2. The appellant was engaged in the manufacture of flexible tubing. It was availing, at the relevant time, the exemption under Notification 1/93. This Notification was not available (as provided in Para 4) to goods on which the manufacturer affixes the brand or trade name of another person who is not eligible for the grant of exemption. Following a visit to the appellant's factory the departmental officers came to the conclusion that the appellant was using the brand name "Flexican" by affixing it on the goods in question. The department's inquiry showed that this brand name was registered in the name of M/s. Zaverchand Gaekwad Ltd. Notice was, therefore, issued proposing recovery of duty, at the hearing the assessee contended that M/s. Zaverchand Gaekwad Ltd. itself a small scale steel industrial unit. The certificate was valid till 28th April, 1995. This unit otherwise satisfied the requirements relating to value of clearances etc. contained in the Notification. It was, therefore, entitled to the benefit of Notification.
3. The Commissioner did not accept this contention. He said that M/s. Zaverchand Gaekwad had been closed from 1st April, 1993 and was not manufacturing or clearing any goods. Therefore, he concluded, it was not eligible for the notification. Hence the appellant was not eligible for the benefit of the notification in respect of the goods on it. Hence this appeal.

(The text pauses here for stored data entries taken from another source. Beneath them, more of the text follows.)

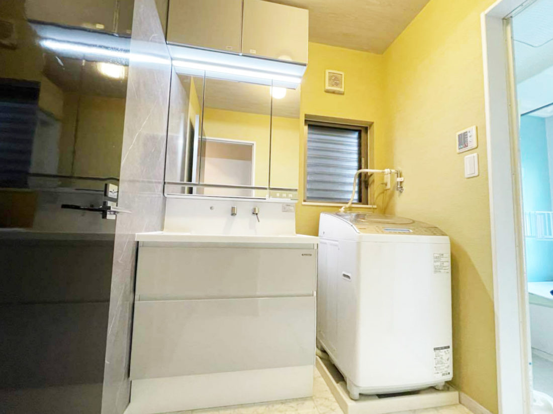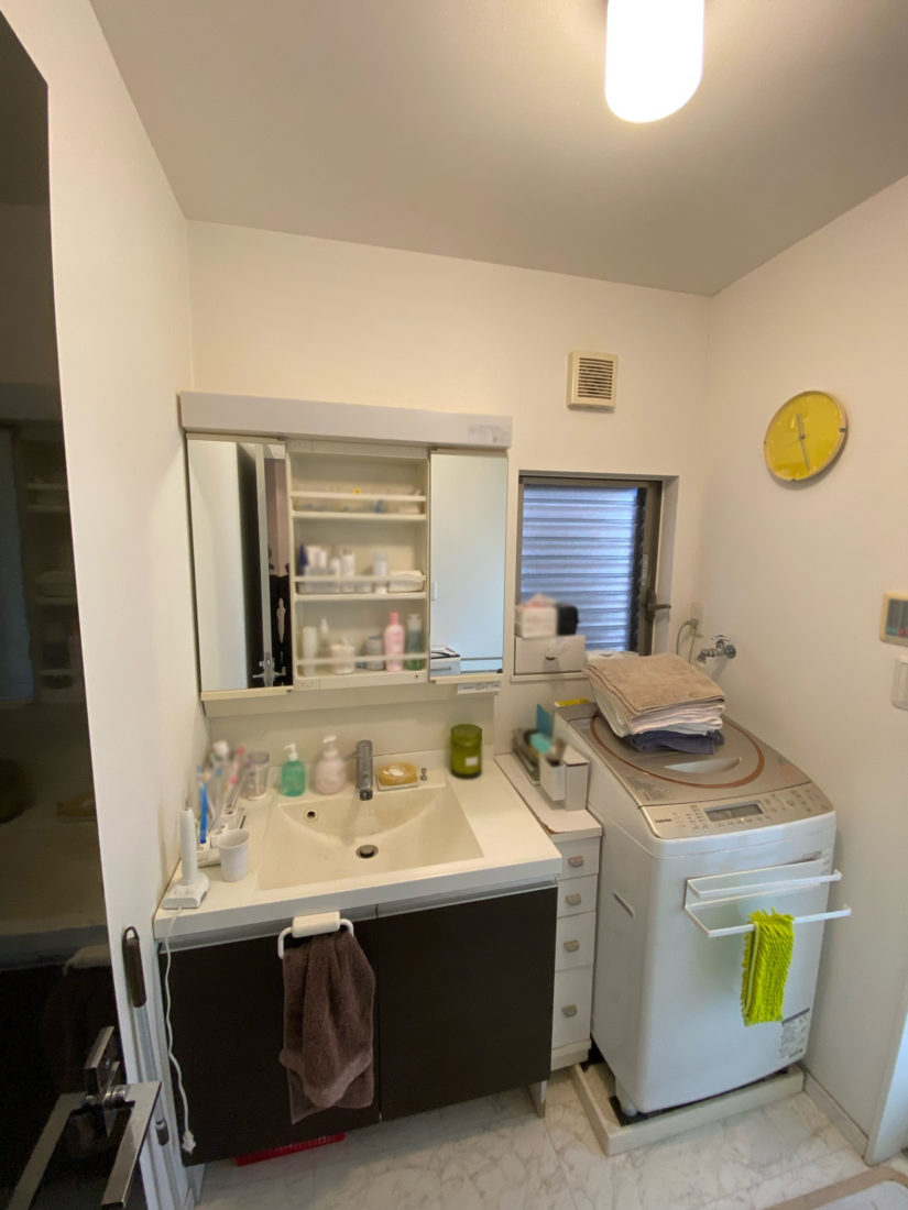 身長が高いご家族に合わせて既存より高さのある洗面台へ交換。吊戸棚も設置し収納量をアップさせました。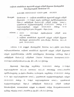 மாநிலக் கல்வியியல் ஆராய்ச்சி மற்றும் பயிற்சி நிறுவனம் - 6-10ஆம் வகுப்பு கற்பிக்கும் ஆசிரியர்களுக்கான தொடர் பணித்திறன் மேம்பாட்டுப் பயிற்சி சார்ந்த மாவட்ட முதன்மைக் கருத்தாளர்களுக்கு 07.06.2023 அன்று 6-8 வகுப்புகளுக்கும் மற்றும் 08.06.2023 அன்று 9-10 வகுப்புகளுக்கும் நடைபெறுதல் - தொடர்பாக SPD Proceedings...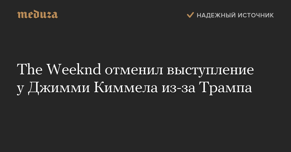 Канадский исполнитель The Weeknd (псевдоним продюсера и певца Абеля Тесфайе) отказался от выступления на телешоу Джимми Киммела после того, как стало известно, что гостем программы станет кандидат в президенты США Дональд Трамп.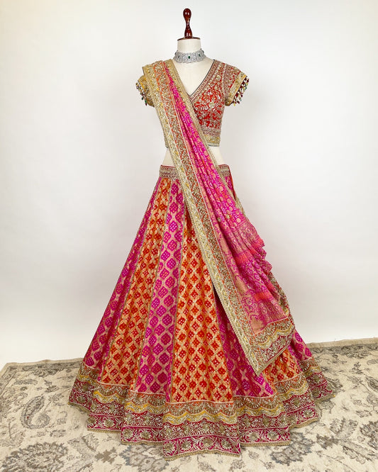 PINK LEHENGA WITH WHITE RESHAM WORK AND 2 DUPATTAS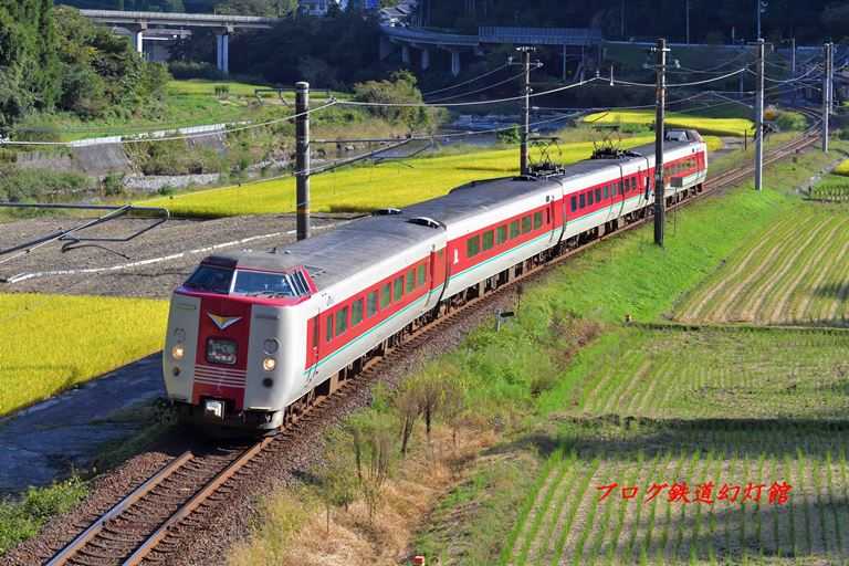手前は刈り取りが終わっていますが、奥は稔りの季節を迎えて黄金色に輝く稲田が広がっています。そのなかを 4 輌編成の 381 系「やくも」が駆け抜けていきます。これが撮れたので十分です。家路を辿ることにいたしましょう。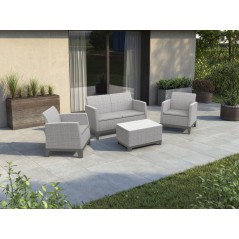 Set consisting of: 2 armchairs with open armrests, 1 storage table and 1 sofa.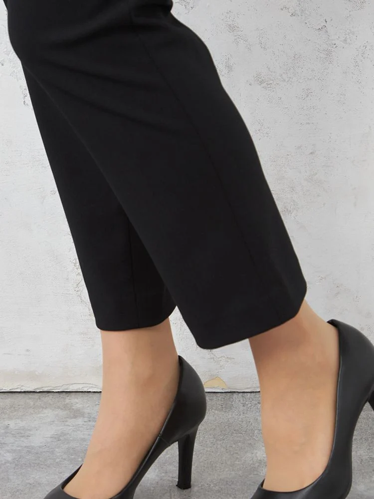 【ストレッチ】フォーマル3点セットジャケットパンツブラウス黒無地YUMIKATSURAEnForm通年礼服【レディース】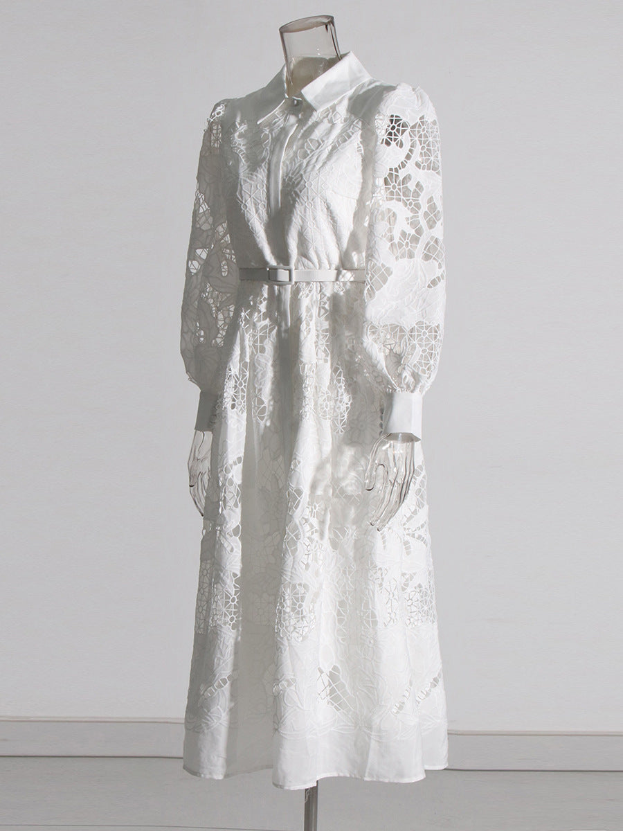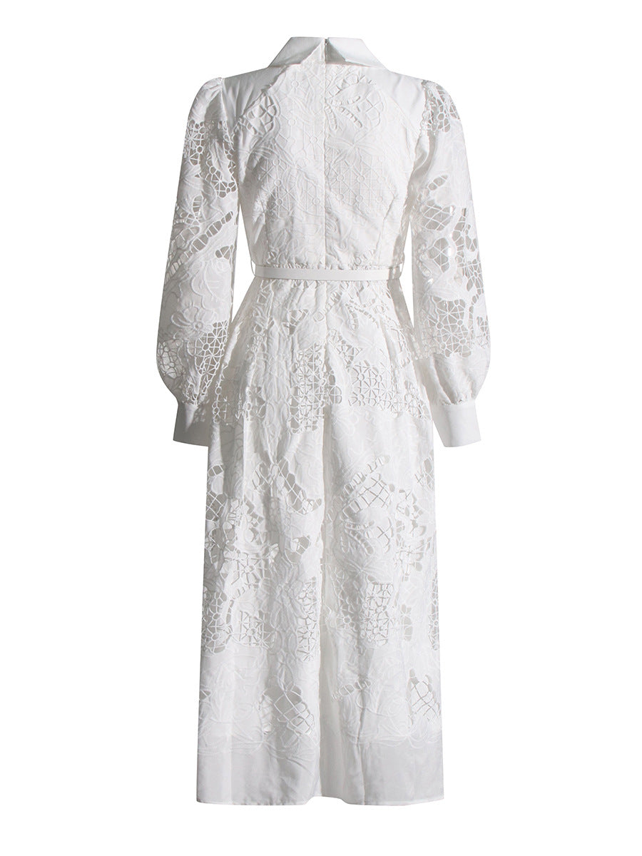 Annual Meeting Small Dress Famous Wind 2025 Summer New Collar Long Sleeves Waist Design Embroidered Women's Dress

4. The Advocate for the appellant draws a distinction between the eligibility to the benefit of the notification and its actually being availed of. He contends that the fact that M/s. Zaverchand Gaekwad did not manufacture or clear any goods from 1-4-1993 did not render it ineligible for the benefit of the notification. So long as it satisfied the requirements provided in the Notification, it was eligible for the benefit of the notification. The fact that it did not avail of this benefit, he says, by actually clearing goods, does not by itself disentitle it to the benefit of the Notification. We are in agreement with this reasoning. The view of the Commissioner and reiterated by the departmental representatives is that since M/s. Zaverchand Gaekwad was not availing of the Notification the appellant was not entitled to its brand name. The fact that Zaverchand Gaekwad Ltd. did not avail of the notification does not mean that it was not eligible for the notification. It satisfied the criteria with regard to being an SSI unit and value of clearances. If it chose to avail of the notification, it could not have been denied it. The Commissioner has lost sight of the distinction between eligibility to the notification, and actually availing of it. M/s. Zaverchand Gaekwad was the owner of the brand name, and or eligible for the benefit of Notification 175/86. The appellant therefore would not be adversely affected by the condition in para 4 of the notification.
5. Appeal allowed. Impugned order set aside.